Hardy weinberg equ'm
In a population of 1000 plants, the frequency of the a allele is 5 percent. Suppose a fire causes the loss of 500 individuals who are homozygous for the A allele. In this case the fire caused the
frequency of a to change from ______ to ______.
so, the first one should be 0.05 (5%)
I am not sure how to calculate the second one.
a = 0.05
p + q = 1
p+ 0.05 = 1
p = 0.95
(0.95)^2= AA?
any hint ? thx
To calculate the change in frequency of the a allele after the fire, you can use the Hardy-Weinberg equation. The equation is p^2 + 2pq + q^2 = 1, where p represents the frequency of the dominant allele (A) and q represents the frequency of the recessive allele (a).

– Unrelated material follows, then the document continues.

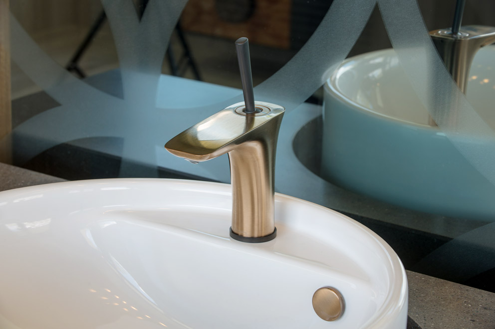Die goldfarbenen Waschtischmischer „Puravida 110“ mit praktischer Push-Open Ablaufgarnitur. Foto © Mark Gacesa of Ultraspace / Photographer: David Sproule

In this case, you are given that the initial frequency of the a allele (q) is 0.05. To find the frequency of the dominant allele (p), you can subtract q from 1: p = 1 - q = 1 - 0.05 = 0.95.
Now, you need to calculate the new frequency of the a allele after the fire. You are told that 500 individuals homozygous for the A allele were lost. Homozygous individuals are represented by p^2, so you can subtract 500 from the initial number of individuals homozygous for A (p^2 = 500) to find the new number of individuals homozygous for A: p^2 - 500.
Since p^2 + 2pq + q^2 = 1, you can express p^2 - 500 + 2pq + q^2 = 1. Since p = 0.95, you can substitute it into the equation to get (0.95)^2 - 500 + 2(0.95)(q) + q^2 = 1.
Simplifying this equation, you can solve for q to find the new frequency of the a allele.
Alternatively, you can calculate q using the formula q = √(1 - p^2). In this case, q will represent the new frequency of the a allele after the fire. Using p = 0.95, you can substitute it into the equation to find q = √(1 - 0.95^2).
Applying either method, you can find the new frequency of the a allele, which will allow you to complete the answer to the question.